No synergy for Clear Channel
After radio/billboard oligopoly Clear Channel acquired SFX Entertainment in 2000, the thought was that the company would use its dominance of the airwaves to promote concerts ever more profitably, the type of synergy between media that seemed unbeatable. Clear Channel, the bad boy of music industry, seemed like a juggernaut.
As a Wall Street Journal article notes ("Clear Channel To Dismantle Media Empire", 4/29/05)
Clear Channel figured its radio stations and billboards could shill upcoming concerts, and performers would gravitate to its venues for the extra marketing. The radio stations would push concert offerings in each market, and the concert and sports arenas could promote the radio stations.
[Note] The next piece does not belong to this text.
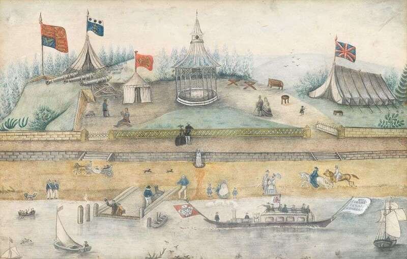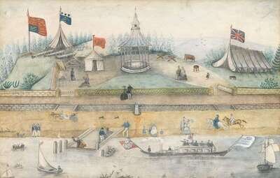Apparently unsigned, the verso of frame with applied paper label "Encampment on Thames at Windsor, circa 1880" and illegibly pen inscriptions "P. Van Rensselaer", etc.

But Clear Channel, faced with seriously declining growth and profits, decided to drop the concert group, spinning it off as an independent company. In the opinion of the WSJ article, it came from consumer resentment:
Clear Channel didn't get the anticipated boost. Instead, its empire opened Clear Channel up to charges of monopolization and went on to become a public-relations disaster. Music fans -- already angry at the radio consolidation they believed had sucked the personality out of local stations and put too much control in the hands of a few big chains -- now latched onto the fact that the nation's largest radio owner now was also the nation's largest concert promoter. Rising concert ticket prices, to pay for larger artist guarantees, added to their disdain.
But Clear Channel has problems that the resentment of a few knowledgeable fans can't account for. Radio ad revenues were down as well. This may have as much to do with the problems of the music industry as a whole, and the emerging availability of alternatives like digital radio and digital music players like the iPod that have lessened interest and participation in the mainstream music industry. That, in turn, affects concerts as there are fewer blockbuster names that can fill big venues and command outrageous ticket prices.
The whole episode points out the dangers of the belief in synergy between media, already well proven by the problems of Time-Warner, Sony, and Viacom. It also illustrates the practice of picking up and discarding units when they do not live up to revenue expectations. Clear Channel will concentrate on enhancing revenue from its more profitable radio and billboard operations.